Las corrupción es contraria a la democracia pero "en Colombia es aliada de la criminalidad", dijo el viernes el vice presidente de ese país, Angelino Garzón, durante una conferencia sobre la formación de líderes políticos.

"Yo llegué a la política luego de militar 25 años en el sector sindical donde aprendimos a luchar y a reclamar pero no a gobernar; entonces, cuando en el 2000 fui designado ministro de Trabajo, comencé a aprender...", recordó.

La conferencia se hizo como actividad paralela a la XXI Cumbre Iberoamericana de mandatarios, en la capital paraguaya.

Una coalición de organismos multilaterales denominada Goberna América Latina presentó su programa regional de formación de líderes en el gobierno y Garzón relató su experiencia.

"Este programa que involucra a Cepal, Naciones Unidas, la oficina española de cooperación internacional y otros organismos ayuda a generar prácticas de buen gobierno", dijo Garzón.

"Tras dejar el ministerio, en mi región fui elegido gobernador y allí mi aprendizaje fue intenso porque el ministerio tenía asegurados los ingresos presupuestarios pero en la gobernación yo dependía del pago de impuestos", indicó.

Garzón afirmó que todos los gobiernos "deben luchar contra la evasión fiscal.
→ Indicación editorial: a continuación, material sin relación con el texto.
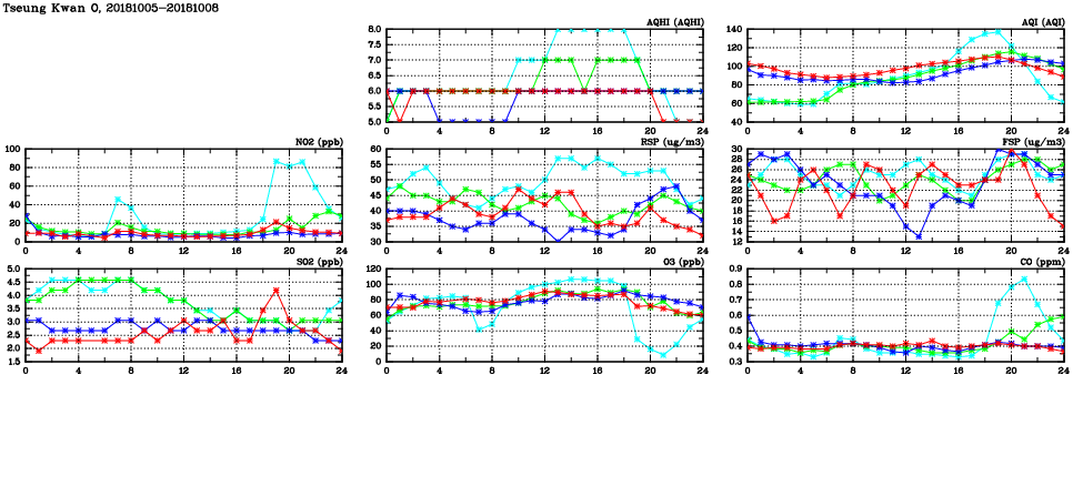 | Air Quality Data Time Series in Tseung Kwan O (2018/10/08) | ( Line colors: Day -3 Day -2 Day -1 Current day ) | 2D Map Current AQHI |

El Estado no es una fábrica de billetes (dinero) y estando en cualquier gobierno debe haber tolerancia cero a la corrupción porque ella es contraria a la democracia, pero en Colombia es aliada de la criminalidad".
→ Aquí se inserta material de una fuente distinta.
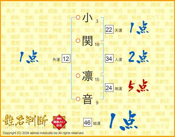 小関凛音さんの天運は22画の1点!

Posteriormente, en conferencia de prensa, Garzón aclaró que el presidente Juan Manuel Santos no asistirá a la cumbre porque "el domingo tenemos elección de autoridades locales en todo el país y ante las acciones de grupos violentos, el gobierno hará lo necesario para que se realicen los comicios con normalidad".

"Han sido asesinados varios candidatos a cargos locales pero muchos de los casos violentos tienen que ver con grupos armados rivales, a veces de la guerrilla, de los narcotraficantes o de bandas de delincuentes comunes", añadió.

"Queremos expresar nuestro dolor por la muerte de tres militares por la explosión de minas antipersonal colocadas por la guerrilla. Es una violencia irracional", acotó.

Enfatizó que "hay una decisión del Estado colombiano de que esta violencia, que la vivimos desde hace 62 años, se tiene que acabar por la razón o por la fuerza, sin estar cerradas las puertas de la paz".